Differential DNA methylation was used as a layer of information to understand potential longer-term regulatory events and cell type distribution linked to anti-TNF non-response. Again, we could not find consistent baseline differences between the discovery and the replication cohort, whereas early longitudinal signatures separating patients with clinical remission at week 14 and non-responders were significantly conserved. Using physical neighborhood [21] for intersecting DNAm changes with DEGs, we show a clear association of an inflammatory neutrophil signature with favorable clinical outcome, corroborating earlier findings that subacute inflammation as a negative predictor of therapy outcome in IBD [63].

We used different sets of omics markers (DEGs, modules, DMPs, DMP-modules, and DMP-linked DEGs) for machine-learning-based feature selection to assess the predictive potential of early changes (baseline vs. week 2) in each data layer.
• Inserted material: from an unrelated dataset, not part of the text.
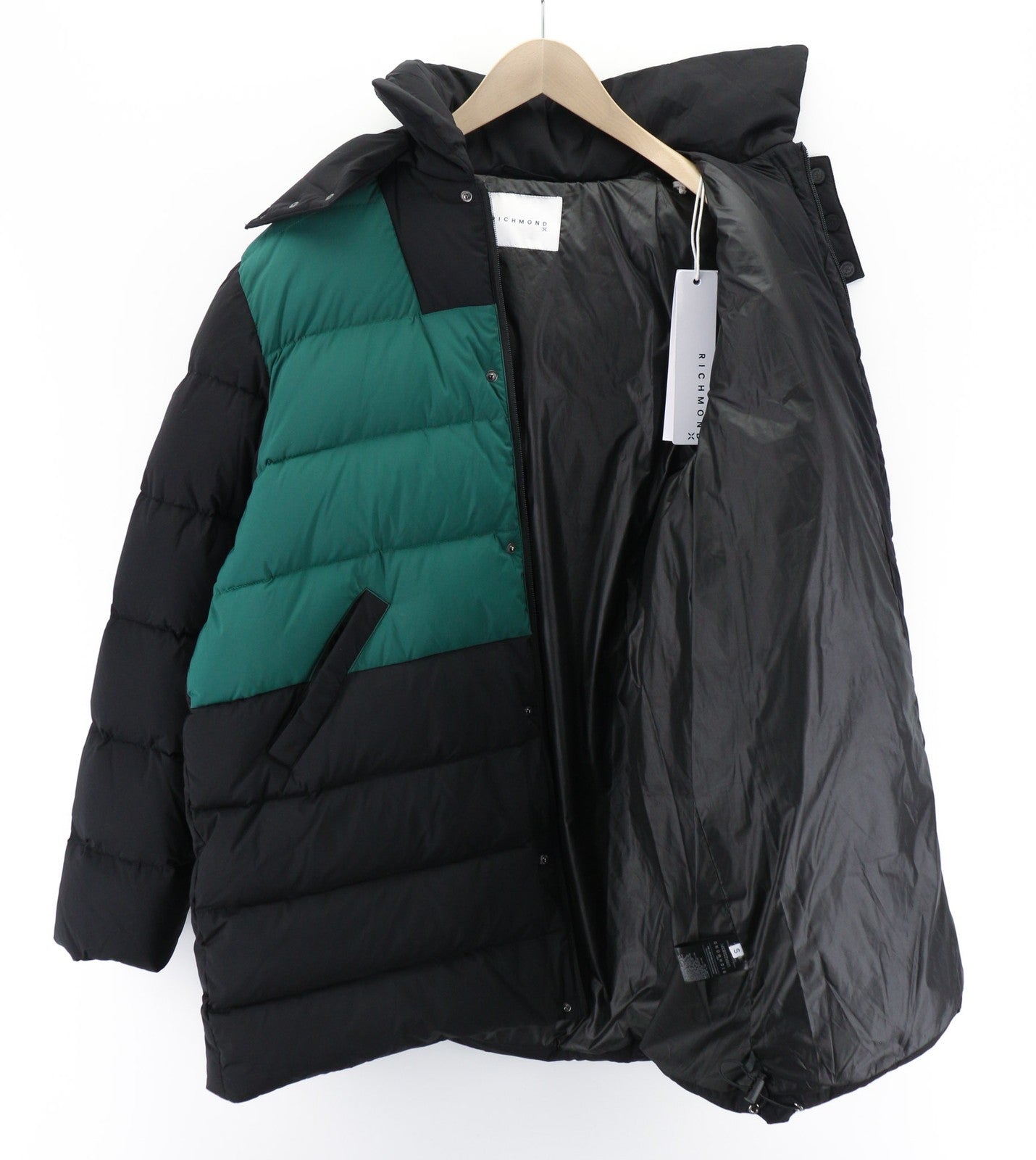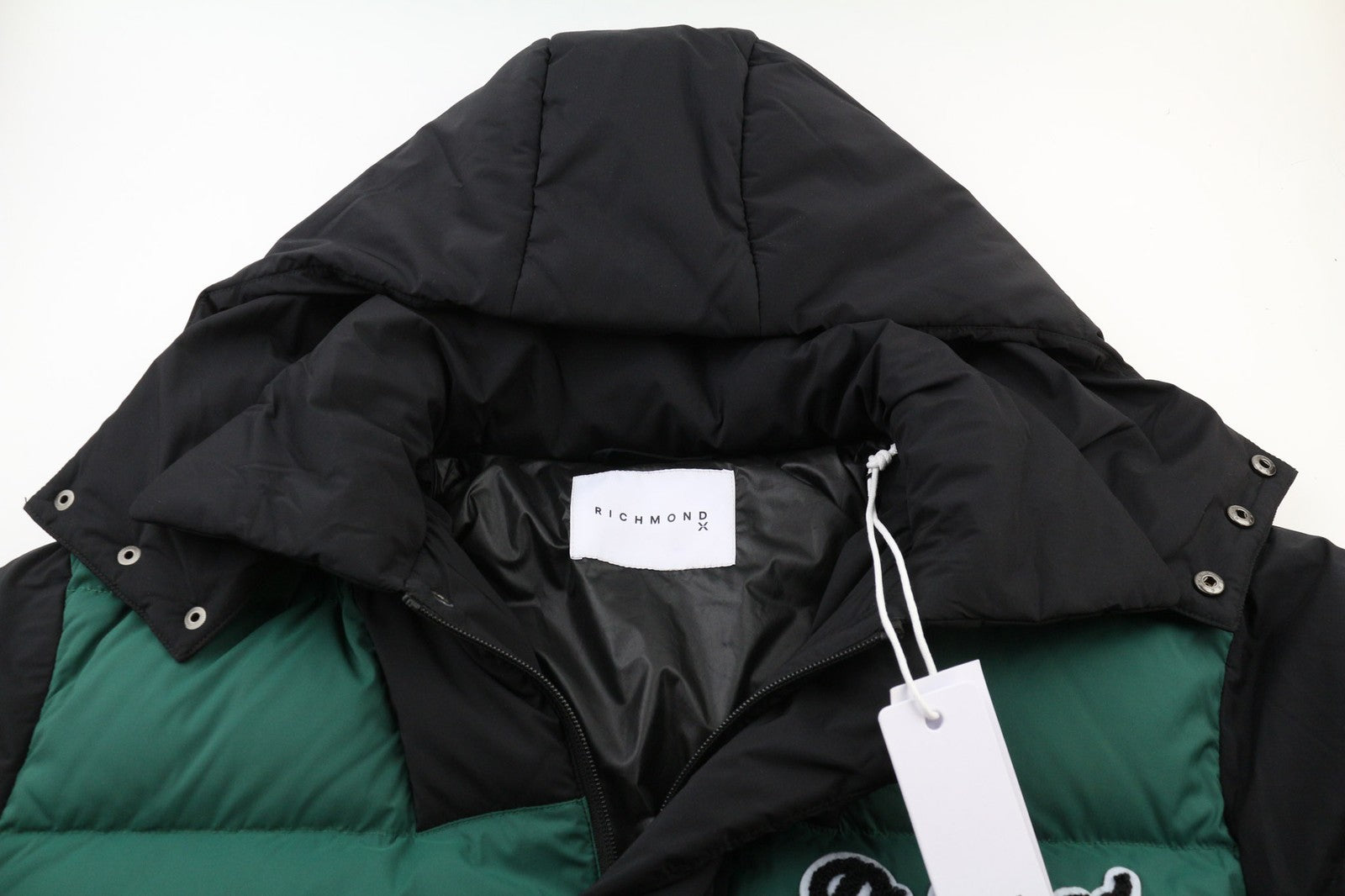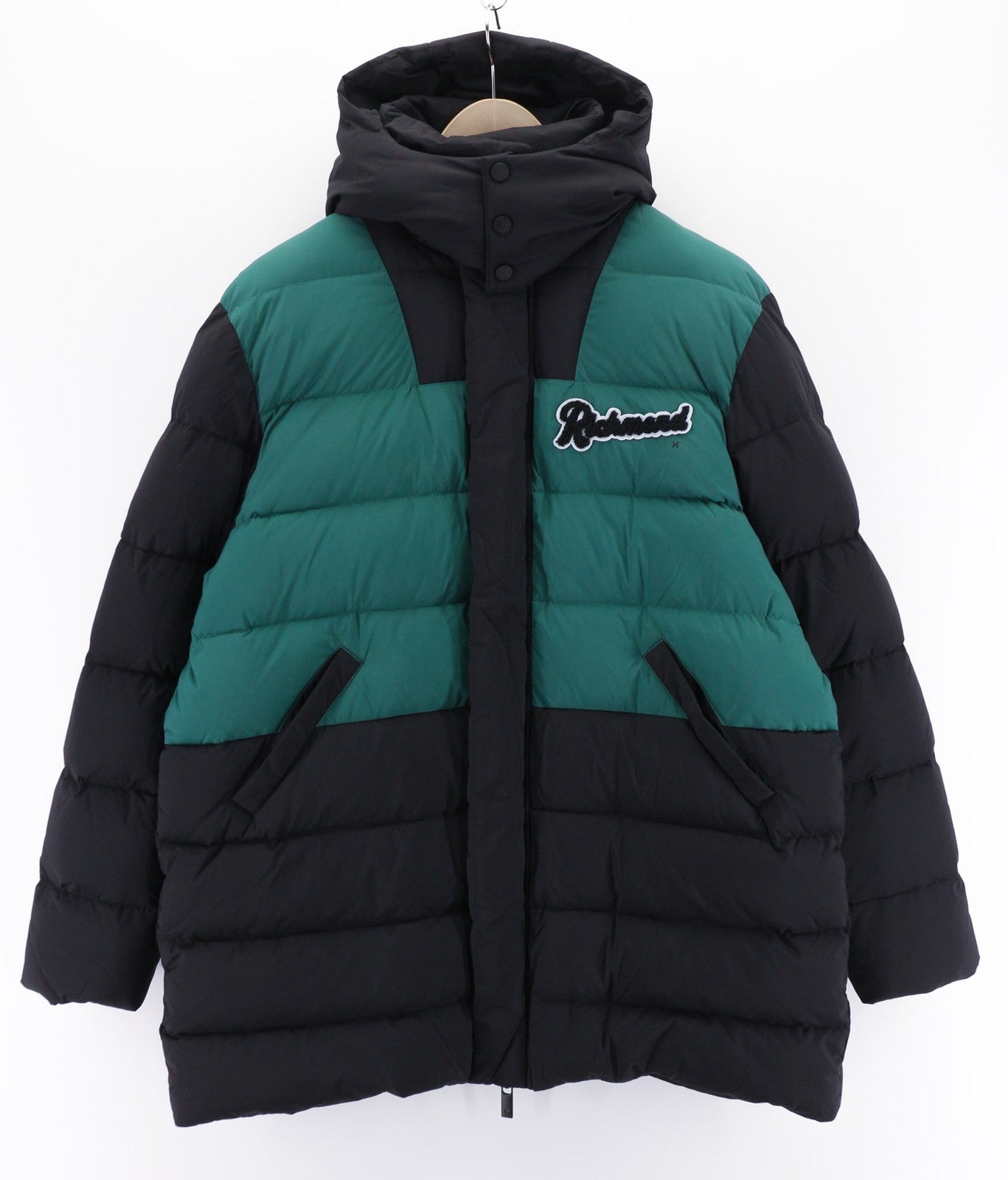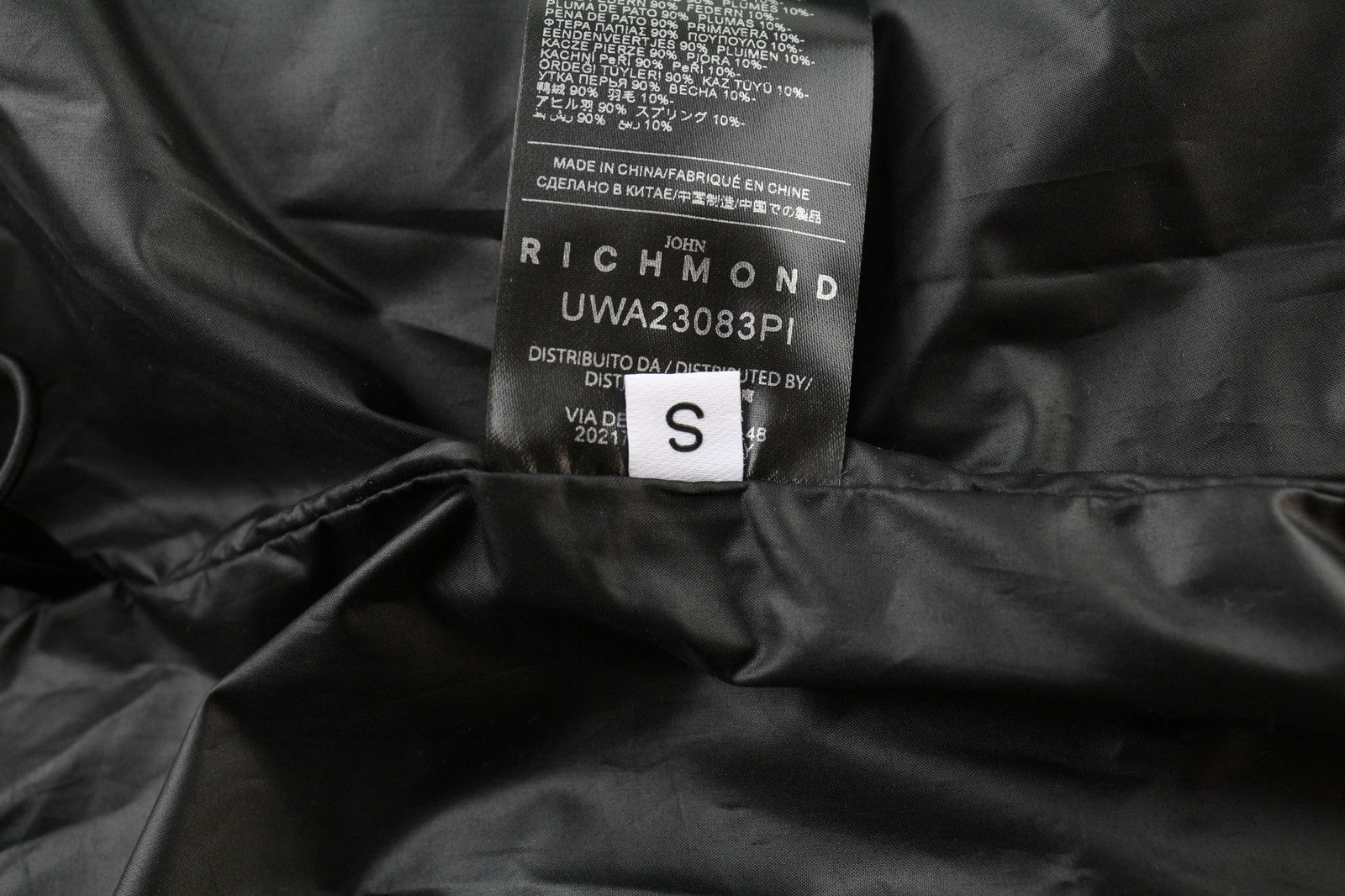 RICHMOND moteriška ilga pūkinė striukė S dydžio, dygsniuota, su gobtuvu, pašiltinta, juoda, pūsta logotipu

In this step, performance could be increased by using individual disease entities (CD vs. UC) and DMPs and combined DMP-DEGs were the best performing initial data sets for UC and CD, respectively. Features selected from other data moieties, e.g., from co-expression modules, had a lower predictive power compared to DNAm-DEGs at this early time point of therapy. Using the DMP-DEG-based transcriptome features to classify an independent cohort of infliximab-treated CD patients with publicly available expression data, we were clearly able to discriminate between responders and non-responders, although slightly different response criteria (e.g., CDAI instead of HBI) were applied between the studies, indicating the robustness of our marker set. Several previous studies have tested clinical parameters such as CRP and disease activity scores at baseline as predictors of response to anti-TNF agents in CD and UC patients [64]. In our study, prediction models built on clinical parameters at baseline and week 2 were clearly inferior to the ones built on molecular datasets, suggesting that molecular profiling may substantially improve therapy response prediction.

Limitations of our study include the small size of the cohorts due to the dense longitudinal sampling scheme of IBD patients, which we aimed to compensate by rigorous replication of findings in the two-cohort setting. Potential confounding effects of different sequence batches were minimized by randomization of patients across sequencing runs while keeping all longitudinal samples from a given individual in a single batch. As TNF inhibition is similarly effective in CD and UC and is likely a distant intervention into the pathophysiology, we hypothesized that potential mechanisms of action and non-response are at least partially conserved among the disease sub-entities. We therefore deliberately combined CD and UC patients in many analyses to increase power. Although we found congruent molecular signatures of anti-TNF treatment in our combined analysis of IBD patients, entity-specific analyses and feature selection results raise the notion that for further translation into clinical studies, distinct sets of markers might be needed for each IBD subentity. Our prediction models were built using the combined data set using a cross-validation approach and only the CD model could be further validated in an external, publicly available data set. Thus, we cannot rule out overfitting of the model and our initial findings mandate further prospective validation. In this study, we have used validated activity scores (partial Mayo score, HBI) as clinical remission endpoints. Future studies are warranted combining molecular assessments with more objective parameters such as endoscopy and histology, which could further improve outcome prediction aiming at optimal disease control.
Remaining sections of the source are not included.